Sunday, July 26, 2009

Ets Ordered Set Select Efficiency

Ets (and tcerl) ordered_sets have the useful property that range queries on them can be resolved more efficiently than full-table scan. For instance, given the operation

ets:select (Tab, [ { { { foo, 1, '_' }, bar }, [], [ '$_' ] } ])

only the range of keys corresponding to 3-element tuples whose first two elements are 'foo' and 1 will be examined, and this is potentially far less than the entire set of keys.

Recently I've been working on a project that requires a range of partially bound keys. This would correspond to an operation such as

ets:select (Tab, [ { { { foo, '$1', '_' }, bar }, [ { '>=', '$1', 1 }, { '=<', '$1', 5 } ], [ '$_' ] } ])

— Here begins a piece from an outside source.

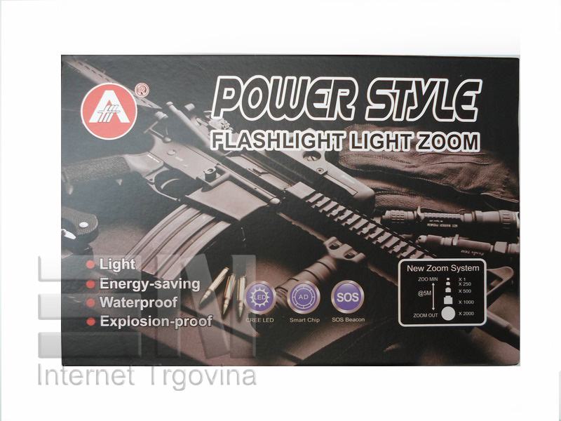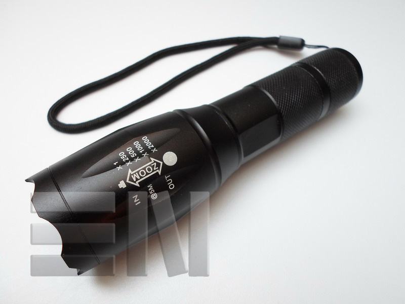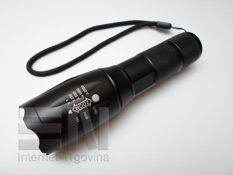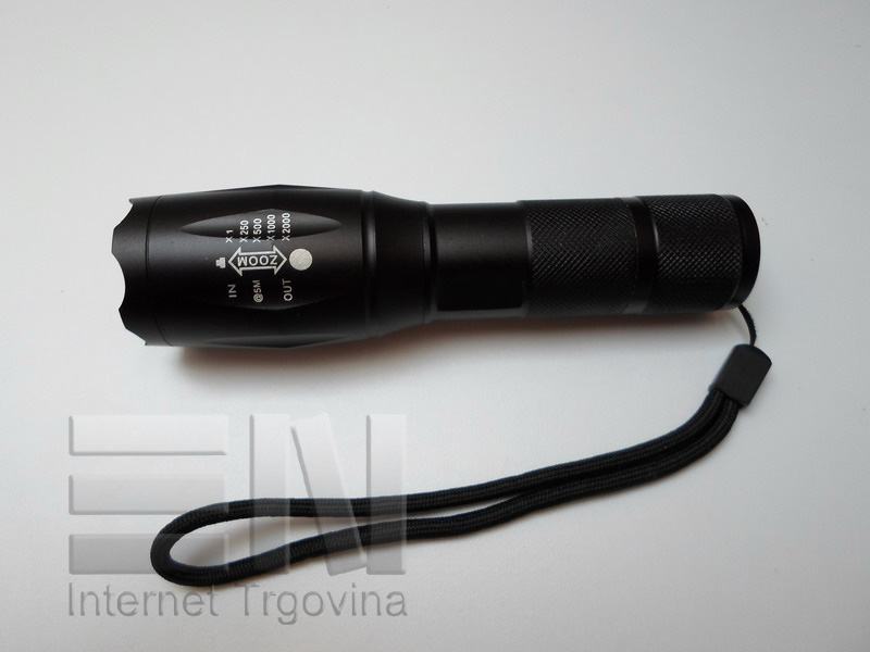 LED svjetiljka , visokih svjetlosnih performansi, sa Cree LED T6 diodom, vodootporno aluminijsko kučište ( nije za ronjenje) , mogučnost zumiranja u uži i širi snop svijetla.

and so I made the modifications to tcerl to be able to detect match conditions of this form and constrain the query range. I started to wonder if I was reinventing the wheel and whether ets had sophisticated match specification analysis under the hood somewhere. I asked the mailing list but answers were inconclusive so I decided to do some measurements. Using the following module:

-module (etsselect).
-compile (export_all).

populate_ets (Tab, N) ->
ets:delete_all_objects (Tab),
lists:foreach (fun (M) ->
ets:insert (Tab, { { foo, M div 10, M }, bar })
end,
lists:seq (1, N)).

repeat_factor (Size) when Size < 1000 -> 100;
repeat_factor (Size) when Size < 100000 -> 30;
repeat_factor (_) -> 10.

select (MatchSpec, Tab, Repeat) when Repeat > 0 ->
ets:select (Tab, MatchSpec),
select (MatchSpec, Tab, Repeat - 1);
select (_, _, _) ->
ok.

select_time (MatchSpec) ->
Tab = ets:new (?MODULE, [ ordered_set ]),
try
[ { N,
(fun () ->
populate_ets (Tab, N),
{ Time, _ } = timer:tc (?MODULE, select, [ MatchSpec, Tab, Repeat ]),
Time / Repeat
end) ()
}
|| X <- lists:seq (1, 9),
N <- [ trunc (math:pow (5, X)) ],
Repeat <- [ repeat_factor (N) ]
]
after
ets:delete (Tab)
end.

I did some timing tests with different match specifications and table sizes. The match specifications were:

[{ '_', [], [ '$_' ] }] % unconstrained
[{{{ foo, 1, '_' }, bar }, [], [ '$_' ] }] % prefix bound
[{{{ foo, '$1', '_' }, bar },
[{ '>=', '$1', 1 }, { '=<', '$1', 1 }],
[ '$_' ]
}] % prefix range bound

The results (using R12B5) indicate that the prefix range bound condition is not being optimized by ets.
The tcerl timings indicate the prefix range bound condition is being optimized (they also indicate much worse constant factors then ets).
Note I haven't released these changes yet, but I will soon as 1.3.1h. Versions of tcerl prior to 1.3.1h will do a full table scan in the prefix range bound case.

1 comment:

Djui said...

Hej,

I stumbled upon the same problem for my project working with ETS tables. I have to do range queries and wondered, if ETS will handled prefix range bound efficient.
Could you elaborate a bit more how you have fixed tcerl and what needs to be done to apply a better timing?
And do you know if these ideas are incorporated in newer releases than 12b5?

Thanks,
Uwe